Dyl is showing me every day, without trying that he is exactly who I want to be around. He is incredible. I get a message at least once a day that makes me smile. He is unfailingly kind and I couldn’t imagine life without him now.

Sure I resisted the idea of us developing feelings for each other at first. But, I am so glad I caved, I love him. I didn’t think I would or could love anyone else again but here I am. In love with the sweetest man on earth. He is just such a naturally happy person. I hope I get to spend the rest of my life with him.

We’ve had quite a few serious talks over the last few weeks, starting with the traditional what can we picture together as a future together type conversation. Slowly it became a case of me asking, I am planning to save up for some things, I want to know, if I can, can we save for some things together to build our future together. What would we like to achieve together, what can we start working on together? That lead to us discussing the goals on the list, our financial realities. Safe to say this deliberate creator is working on becoming less resistant towards the incoming flow of abundance and money. That aside, we agreed on some goals to work on. We are both working on getting things sorted for next year, we want to live together when it is something we can financially feasibly afford. And I am sure that there will be a beneficial change to our income very soon, anything is possible and abundance flows freely towards us.

Right now I have one thing on my mind, seeing Dylan again really soon. I just want to spend a little stolen time together; things have been very crazy recently so getting some time together is always a golden opportunity.
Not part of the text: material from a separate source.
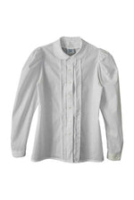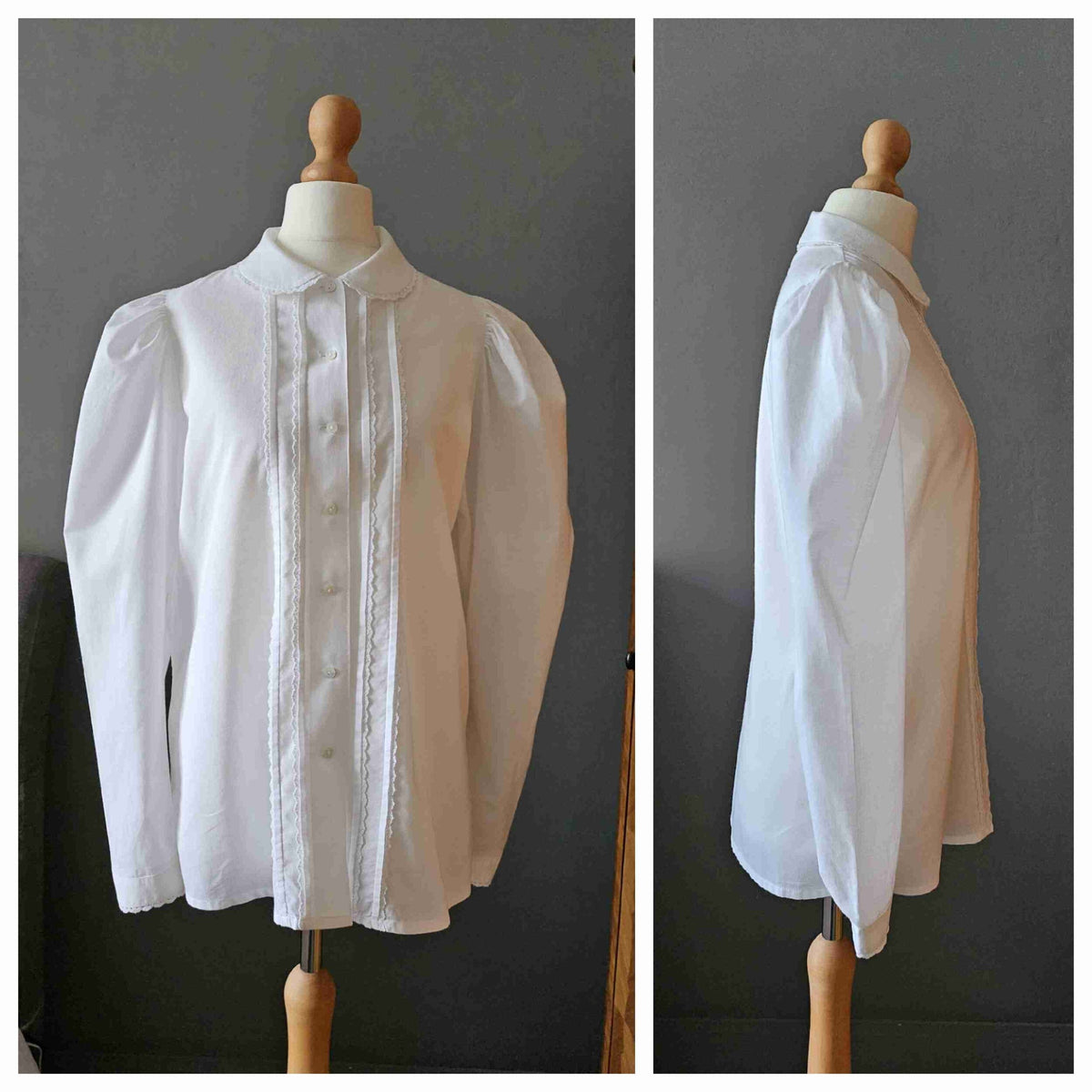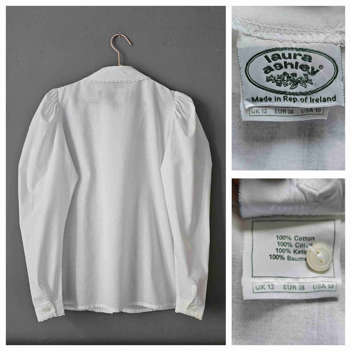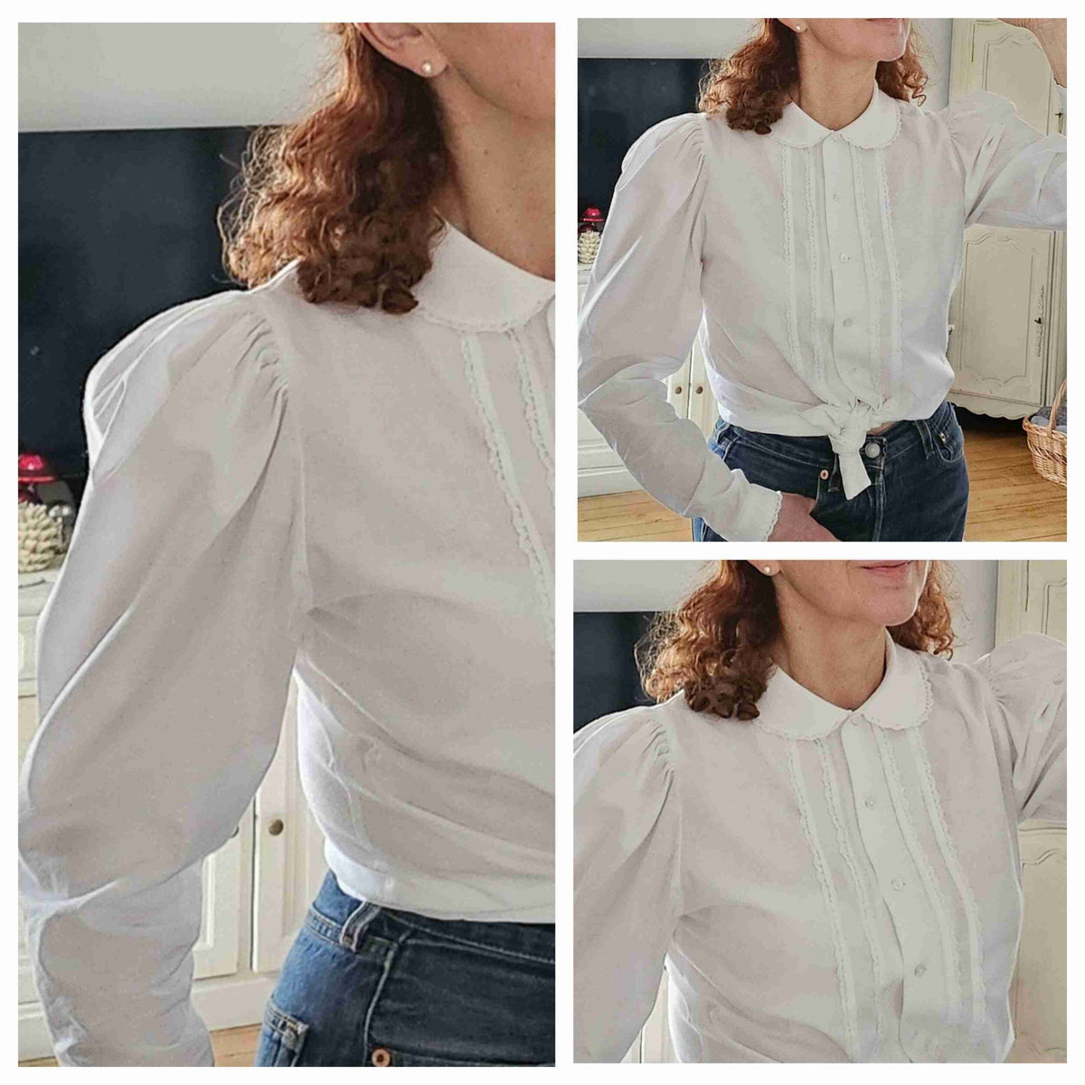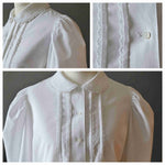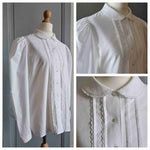 Prix unitaire parChemise en coton blanc à manches bouffantes, col Claudine, plis et détails de dentelle, poignets et boutonnière en nacre naturelle. Porté sur les photos par une personne T36. Marque Laura Ashley. Fabriqué en République d'Irlande.

However not all is good in my world. Clover. She is still refusing to be remotely supportive of the relationship between Dylan and myself. Since then, since our arguments and since I have been standing my ground and sticking up for myself a bit more there has been a distinct lack of communication between us. It bites at me simply because if this was the other way around she would expect the same support from me. Dylan isn’t a bad influence; he is a good guy who constantly finds ways to make me smile. He is incredible and she refuses to even meet him, it is one excuse after another.  She doesn’t want to support the happiness from the way it looks. Dylan doesn’t constantly let me down. He and I are working on building a long term future together, I just had hoped I would have had her support. I would have liked for her to want me to be happy and not just say it but to mean it too. However, I think she might just need some time.
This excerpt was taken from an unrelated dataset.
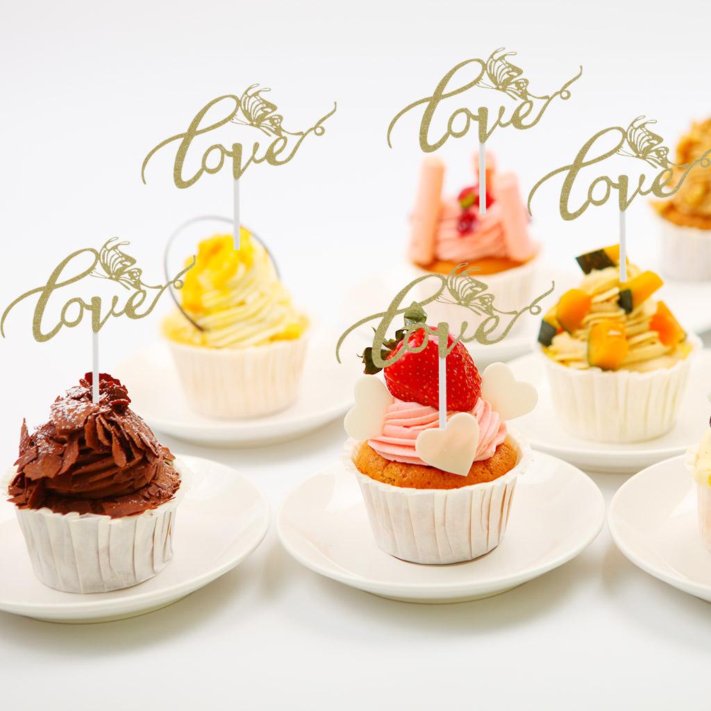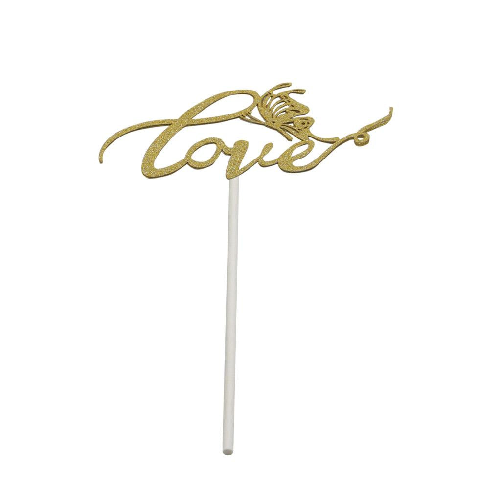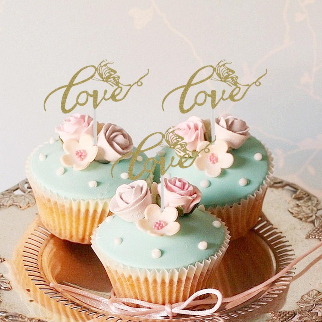 Glitter Love Cake Toppers Wedding Cupcake Picks Bridal Shower Gold
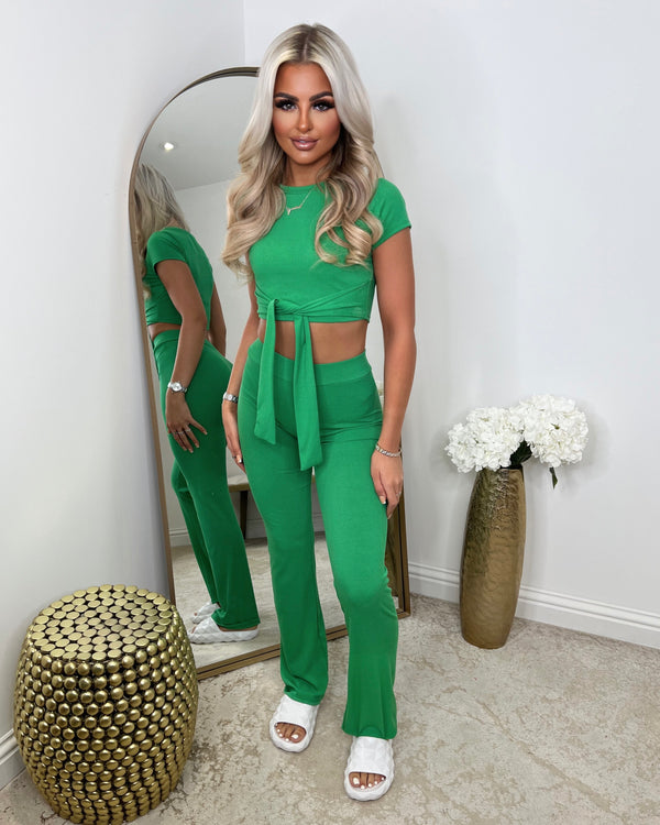 Laura Tie Front Cropped Loungewear Set - Parrot Green

Given how long it has taken me to write this who knows, maybe next time I sit down to write “My name is Elliot Parker” she will have stopped being a thorn in the side of a happy life and begun being part of the garden that is blooming… I just hope she isn’t going to be a weed that needs up-rooting. I know that sounds drastic. But, in this life we have to protect our happiness and I don’t want a toxic energy still influencing my future and what I want to manifest. I want my friend back, in the good goofy sense. I want my friend that wants to hang out and mess around and be idiots with. I want my friend that doesn’t have to or want to only talk about boys with. I want my friend that I can discuss the important things with, like me talking to my dad again, things that big that are that huge and important and scary all at once. I want that friend where we help each other with any worries and share in each other’s happiness and try to build each other up. I just hope Clover is up for that step though, I keep trying and meeting a brick wall, so maybe one day I will get through to her, that or I will just walk away eventually. She is that love/hate friend sometimes, she is marmite.
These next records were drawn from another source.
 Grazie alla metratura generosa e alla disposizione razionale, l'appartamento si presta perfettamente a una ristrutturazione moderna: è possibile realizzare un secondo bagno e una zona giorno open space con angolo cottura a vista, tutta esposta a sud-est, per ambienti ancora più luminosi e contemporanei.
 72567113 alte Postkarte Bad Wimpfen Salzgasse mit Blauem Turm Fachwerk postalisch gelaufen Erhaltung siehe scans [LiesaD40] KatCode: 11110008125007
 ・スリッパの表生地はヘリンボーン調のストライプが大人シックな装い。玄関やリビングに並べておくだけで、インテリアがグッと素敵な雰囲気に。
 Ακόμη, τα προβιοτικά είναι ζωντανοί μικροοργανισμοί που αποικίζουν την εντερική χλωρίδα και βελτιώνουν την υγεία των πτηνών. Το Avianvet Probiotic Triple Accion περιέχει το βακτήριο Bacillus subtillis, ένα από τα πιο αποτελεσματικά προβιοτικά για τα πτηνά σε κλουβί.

Author Update (April 2018)

So yes, March felt like a pretty horrific month. It was hard to contend with emotionally and made writing nearly impossible. I have only done very little writing to be honest, so there isn’t much I can celebrate writing wise.

This month I turned a year older! I am now a little bit older and not much wiser! I had the most amazing birthday courtesy of my partner who has been incredibly patient with me after the last few weeks. He is an absolute rock. He took me to see the Phantom of the Opera in London for my birthday it was absolutely amazing, the cast were incredible it was perfect. The entire weekend was perfect. The only hitch in the perfect weekend was that I was very ill at the end of the actual birthday day. To be fair, it was incredible. Never had a birthday so good, so fun and so happy. It’s been wonderful.

So the binge watching on Netflix? Well, to be honest, I haven’t watched much, I haven’t really had much time to myself to sit down and watch something on Netflix other than keeping up with Shadowhunters, Once Upon a Time and Jane the Virgin.

Oh I almost forgot, the surprise for my partner for Easter… I made him an Easter egg hunt to surprise him on the day. He loved it… That was a brilliant day, lasagna for our dinner- he makes a great lasagna.

This month has been a bit chaotic and very expensive, so here is hoping that next month will be a little bit cheaper… A girl can only hope.

Nothing changes here in terms of throwing plugs in for my amazon books on my author page… I haven’t lost my hope just yet.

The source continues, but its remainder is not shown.